**WHAT YOU NEED TO DO**
Print out the data that follows exactly, character for character, apart from the pictures.
<<<<
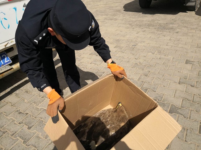 (李夢(mèng)/通訊員)近年來,阿左旗森林公安局不斷加強(qiáng)野生動(dòng)物保護(hù)力度,積極開展形式多樣的宣傳活動(dòng),轄區(qū)廣大群眾保護(hù)野生動(dòng)物意識(shí)日漸提升。2019年4月12日上午,阿左旗森林公安局刑警治安隊(duì)接到牧民報(bào)警電話稱,在自家農(nóng)場(chǎng)附近發(fā)現(xiàn)一只類似老鷹的鳥類,請(qǐng)森林公安民警盡快進(jìn)行救助。
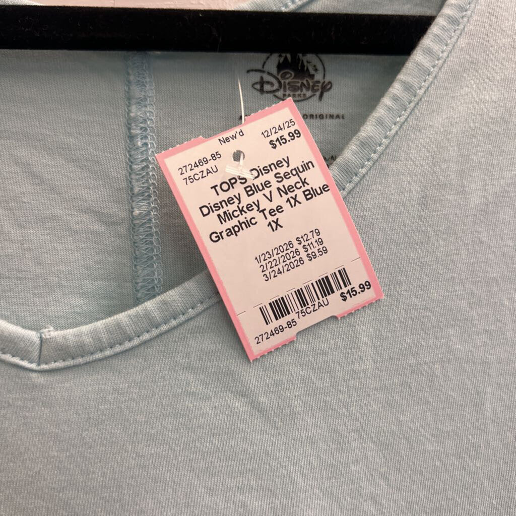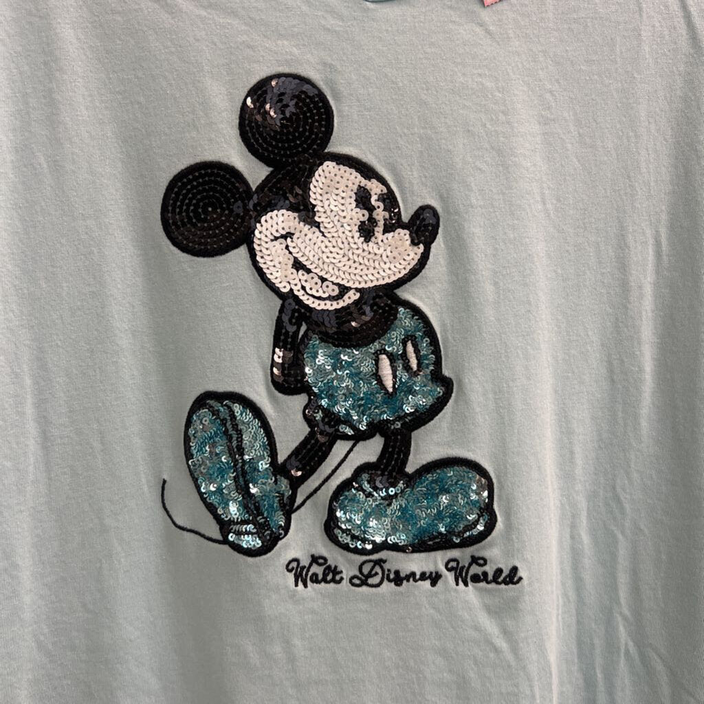 Disney Blue Sequin Mickey V Neck Graphic Tee 1X
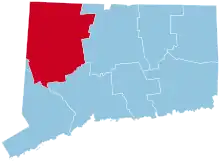 All counties but Litchfield County and congressional districts went Democratic. Litchfield County is regarded as the most conservative county in the state, along with adjacent Fairfield County to the south, although this county does tend to vote majority Democratic. Hartford County, Middlesex County, New Haven County, and New London County each are regarded as the most loyally democratic counties in Connecticut. The Republican Party's last presidential victory in Connecticut was during the 1988 election of George H. W. Bush. However, Kerry's victory in Connecticut was not as large as Al Gore's lead in 2000, when the then-vice president won the state by 17.47% percent and a majority of all the state's counties. However, in 2000 Gore's running mate was Connecticut Senator Joe Lieberman.
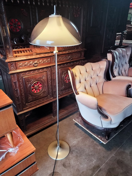 Vintage vloerlamp uit de jaren 70 met paddenstoelvormige kap in Space Age stijl. Geeft een warm, diffuus licht en is een echte blikvanger in een vintage of modern interieur.
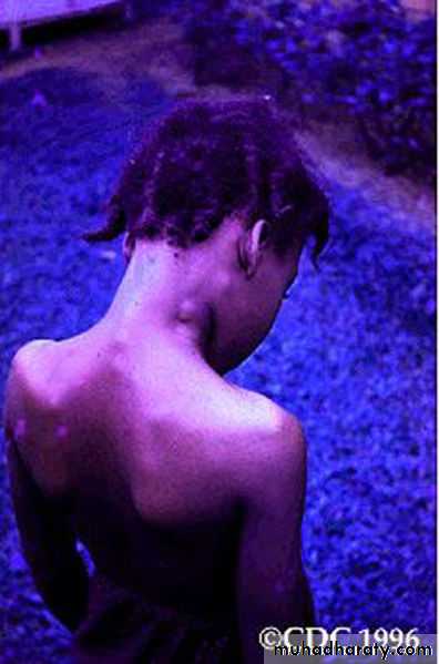 25The classic Winterbottom sign is clearly visible (ie, enlarged, nontender, mobile posterior cervical lymph node).
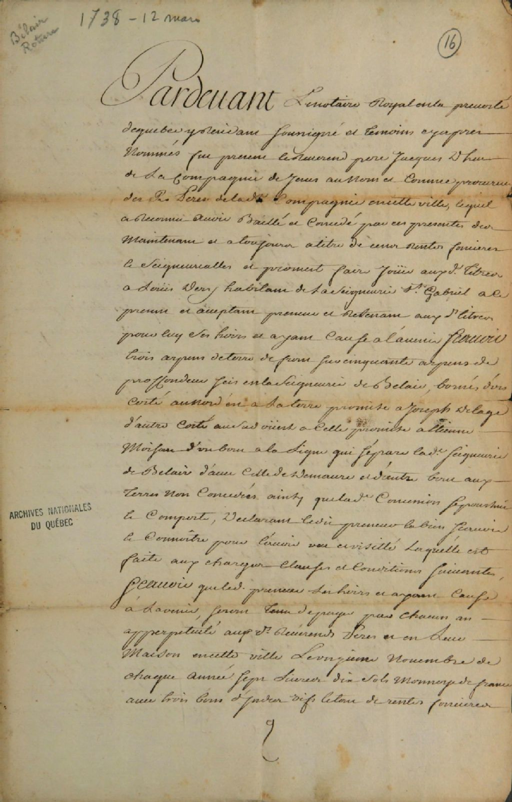 Acte de concession d'une terre située à la seigneurie de Bélair à Louis Déry, habitant de la seigneurie Saint-Gabriel, par les Révérends Pères Jésuites, par-devant Pinguet, notaire royal, 12 mars 1738, Archives nationales à Québec, Fonds Ministère des Terres et Forêts, (03Q,E21,S64,SS5,SSS4,D16).
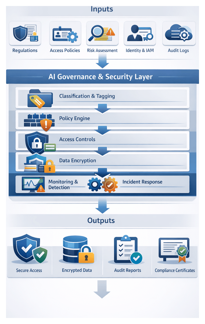 - Governance, Security, and Compliance: Define data stewardship roles, model governance procedures, risk assessment frameworks, audit trail requirements, and policy enforcement thresholds.
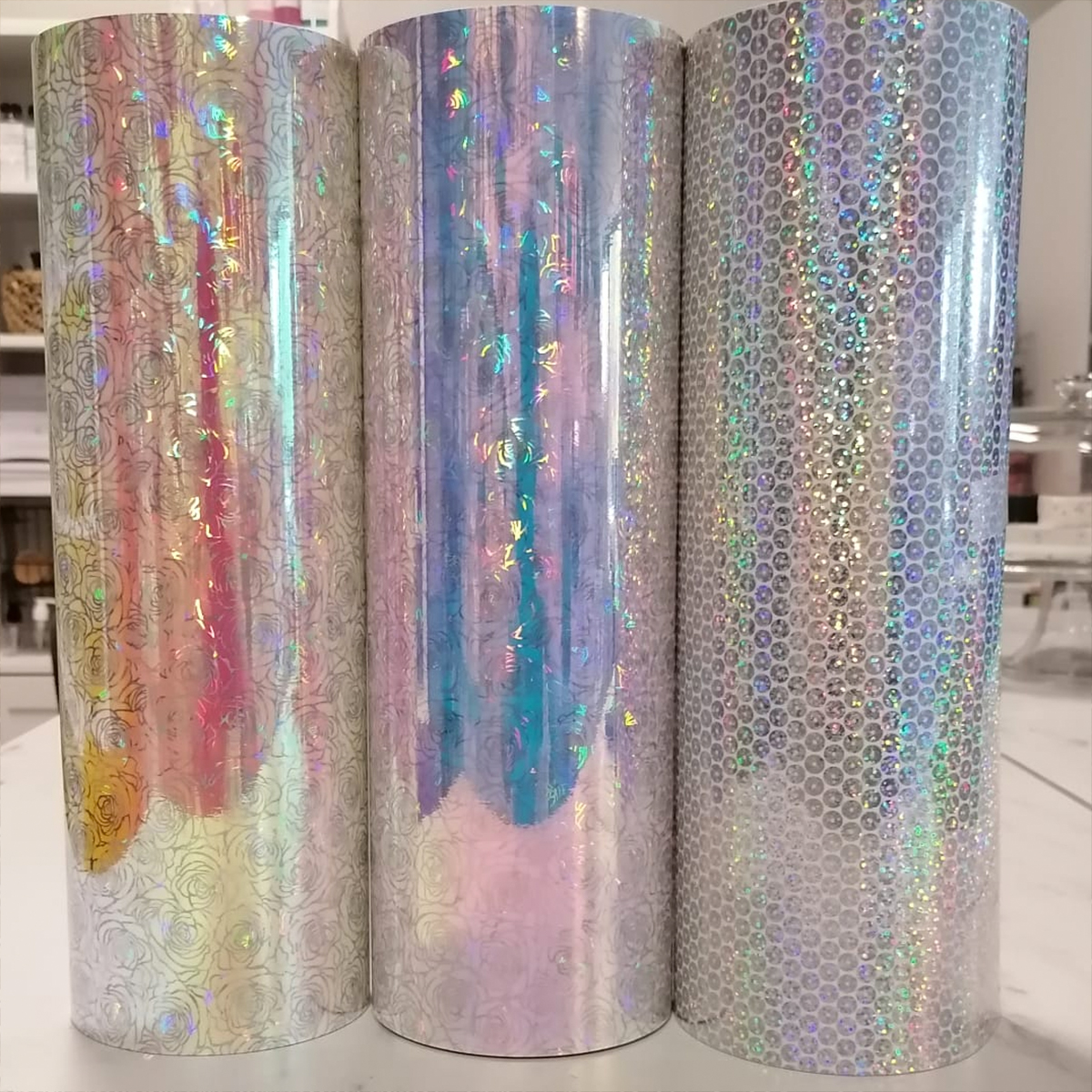 Superior® Holografisch Craft Vinyl is een 100µ dikke holografische decoratieve snijfolie met permanente lijmlaag, de kleur veranderd bij iedere lichtval en is voorzien van een rozen of sequins patroon. Deze folie is geschikt voor opvallende (interieur) personalisatie en niet voor langdurig buitengebruik. Voor het overzetten van de folie op uw gekozen ondergrond heeft u applicatiefolie nodig. Dit kan zowel een plastic transferfolie of papieren transferfolie zijn.
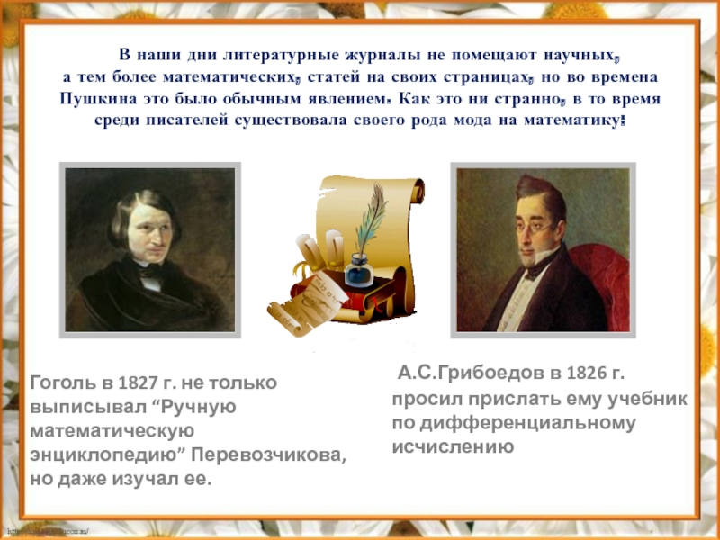 Гоголь в 1827 г. не только выписывал “Ручную математическую энциклопедию” Перевозчикова, но даже изучал ее.
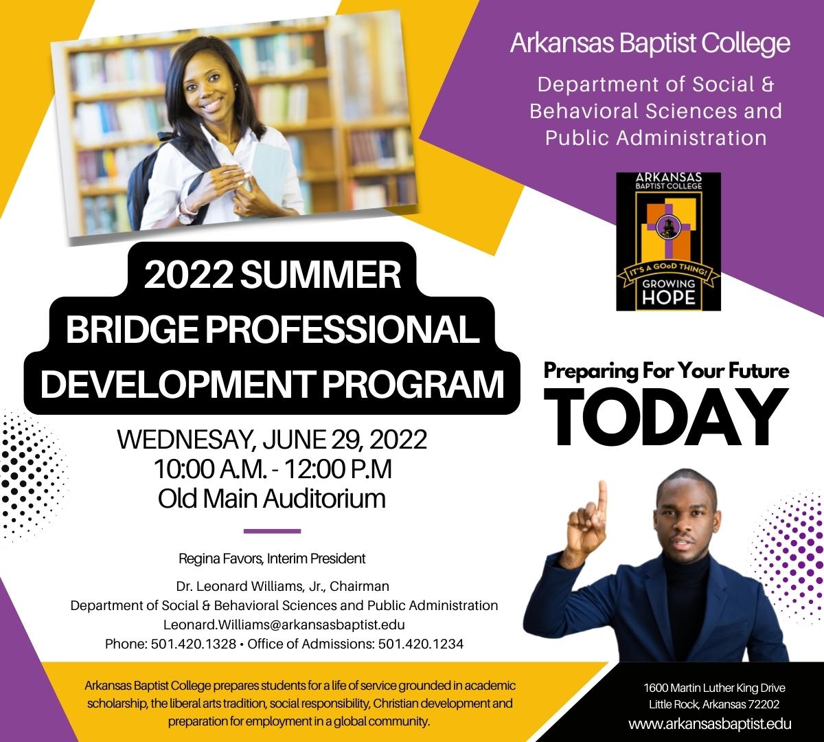 The Department of Social/Behavioral Science and Public Administration along with the Department of Interdisciplinary Studies is hosting its 2nd forum entitled “Preparing for Your Future Today”.  This program is intended for Summer Bridge students but is open to the student body.  Seating is limited.  Please see the attached flyer!  Masks are highly recommended!
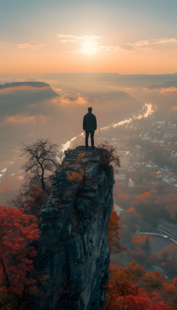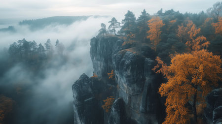 Autumn fog envelops a rocky landscape with vibrant orange trees and a serene atmosphere in a mountain range during early morning
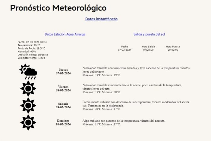 Tormenta y nubosidad: Despejado por la mañana hasta las primeras horas de la tarde.
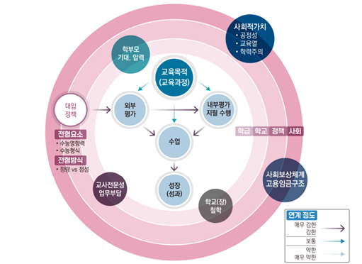 ▲우리나라 일반고등학교 수업과 평가의 작동방식(한국교육개발원 제공)
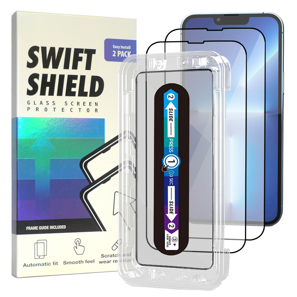 SwiftShield Clear Premium Tempered Glass Screen Protector Alignment Kit for iPhone 13 Pro [2-Pack] Protect your precious device with a layer of tempered glass (goodbye to scratches and cracks!). The SwiftShield Clear Premium Tempered Glass Screen Protector Alignment Kit ensures precise installation for your iPhone 13 Pro, so you can have peace of mind and a crystal-clear view at all times.
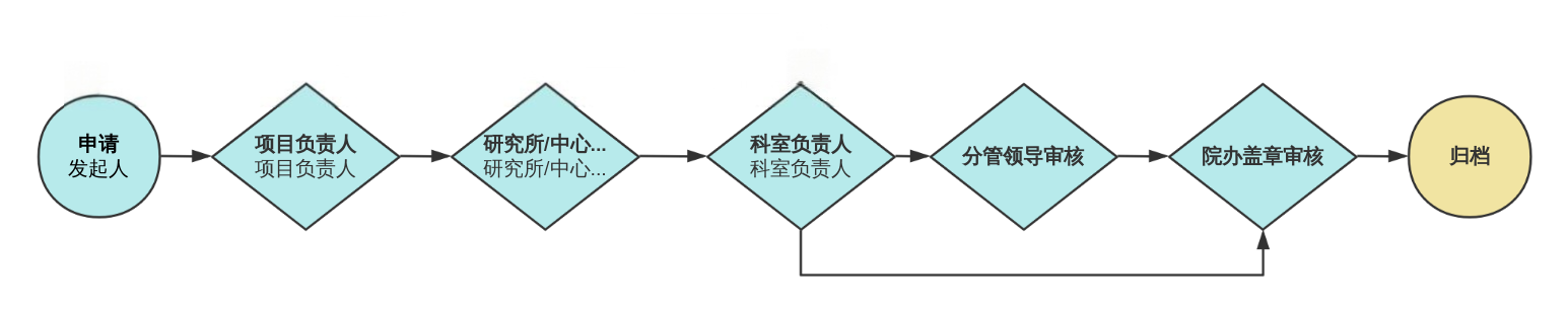 经办人发起申请→项目负责人审核→研究所/中心审核→归口科室审核→分管领导审核(由归口科室根据业务内容,选择是否发起)→打印审批表至学院办公室盖章。具体流程见下图:
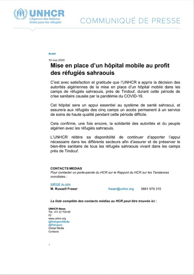 أعلنت المفوضية السامية للأمم المتحدة لشؤون اللاجئين، عن ارتياحها وامتنانها بقرار السلطات الجزائرية إنشاء مستشفى ميداني في مخيمات اللاجئين الصحراويين.
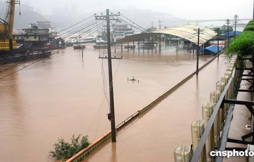 不斷上漲的江水將山城多處變成了“澤國(guó)”。在朝天門水上派出所,大門被洪水淹過一米多深,門口數(shù)百個(gè)沙袋被沖得七零八落。一青年手持叉網(wǎng)站在齊腰深的水中,一會(huì)兒工夫竟網(wǎng)起不少活蹦亂跳的魚蝦。據(jù)派出所工作人員介紹,這是朝天門廣場(chǎng)建成以來(lái)遭遇的最大一次洪峰。
>>>>
**RESULT**
 (李夢(mèng)/通訊員)近年來,阿左旗森林公安局不斷加強(qiáng)野生動(dòng)物保護(hù)力度,積極開展形式多樣的宣傳活動(dòng),轄區(qū)廣大群眾保護(hù)野生動(dòng)物意識(shí)日漸提升。2019年4月12日上午,阿左旗森林公安局刑警治安隊(duì)接到牧民報(bào)警電話稱,在自家農(nóng)場(chǎng)附近發(fā)現(xiàn)一只類似老鷹的鳥類,請(qǐng)森林公安民警盡快進(jìn)行救助。
 Disney Blue Sequin Mickey V Neck Graphic Tee 1X
 All counties but Litchfield County and congressional districts went Democratic. Litchfield County is regarded as the most conservative county in the state, along with adjacent Fairfield County to the south, although this county does tend to vote majority Democratic. Hartford County, Middlesex County, New Haven County, and New London County each are regarded as the most loyally democratic counties in Connecticut. The Republican Party's last presidential victory in Connecticut was during the 1988 election of George H. W. Bush. However, Kerry's victory in Connecticut was not as large as Al Gore's lead in 2000, when the then-vice president won the state by 17.47% percent and a majority of all the state's counties. However, in 2000 Gore's running mate was Connecticut Senator Joe Lieberman.
 Vintage vloerlamp uit de jaren 70 met paddenstoelvormige kap in Space Age stijl. Geeft een warm, diffuus licht en is een echte blikvanger in een vintage of modern interieur.
 25The classic Winterbottom sign is clearly visible (ie, enlarged, nontender, mobile posterior cervical lymph node).
 Acte de concession d'une terre située à la seigneurie de Bélair à Louis Déry, habitant de la seigneurie Saint-Gabriel, par les Révérends Pères Jésuites, par-devant Pinguet, notaire royal, 12 mars 1738, Archives nationales à Québec, Fonds Ministère des Terres et Forêts, (03Q,E21,S64,SS5,SSS4,D16).
 - Governance, Security, and Compliance: Define data stewardship roles, model governance procedures, risk assessment frameworks, audit trail requirements, and policy enforcement thresholds.
 Superior® Holografisch Craft Vinyl is een 100µ dikke holografische decoratieve snijfolie met permanente lijmlaag, de kleur veranderd bij iedere lichtval en is voorzien van een rozen of sequins patroon. Deze folie is geschikt voor opvallende (interieur) personalisatie en niet voor langdurig buitengebruik. Voor het overzetten van de folie op uw gekozen ondergrond heeft u applicatiefolie nodig. Dit kan zowel een plastic transferfolie of papieren transferfolie zijn.
 Гоголь в 1827 г. не только выписывал “Ручную математическую энциклопедию” Перевозчикова, но даже изучал ее.
 The Department of Social/Behavioral Science and Public Administration along with the Department of Interdisciplinary Studies is hosting its 2nd forum entitled “Preparing for Your Future Today”.  This program is intended for Summer Bridge students but is open to the student body.  Seating is limited.  Please see the attached flyer!  Masks are highly recommended!
 Autumn fog envelops a rocky landscape with vibrant orange trees and a serene atmosphere in a mountain range during early morning
 Tormenta y nubosidad: Despejado por la mañana hasta las primeras horas de la tarde.
 ▲우리나라 일반고등학교 수업과 평가의 작동방식(한국교육개발원 제공)
 SwiftShield Clear Premium Tempered Glass Screen Protector Alignment Kit for iPhone 13 Pro [2-Pack] Protect your precious device with a layer of tempered glass (goodbye to scratches and cracks!). The SwiftShield Clear Premium Tempered Glass Screen Protector Alignment Kit ensures precise installation for your iPhone 13 Pro, so you can have peace of mind and a crystal-clear view at all times.
 经办人发起申请→项目负责人审核→研究所/中心审核→归口科室审核→分管领导审核(由归口科室根据业务内容,选择是否发起)→打印审批表至学院办公室盖章。具体流程见下图:
 أعلنت المفوضية السامية للأمم المتحدة لشؤون اللاجئين، عن ارتياحها وامتنانها بقرار السلطات الجزائرية إنشاء مستشفى ميداني في مخيمات اللاجئين الصحراويين.
 不斷上漲的江水將山城多處變成了“澤國(guó)”。在朝天門水上派出所,大門被洪水淹過一米多深,門口數(shù)百個(gè)沙袋被沖得七零八落。一青年手持叉網(wǎng)站在齊腰深的水中,一會(huì)兒工夫竟網(wǎng)起不少活蹦亂跳的魚蝦。據(jù)派出所工作人員介紹,這是朝天門廣場(chǎng)建成以來(lái)遭遇的最大一次洪峰。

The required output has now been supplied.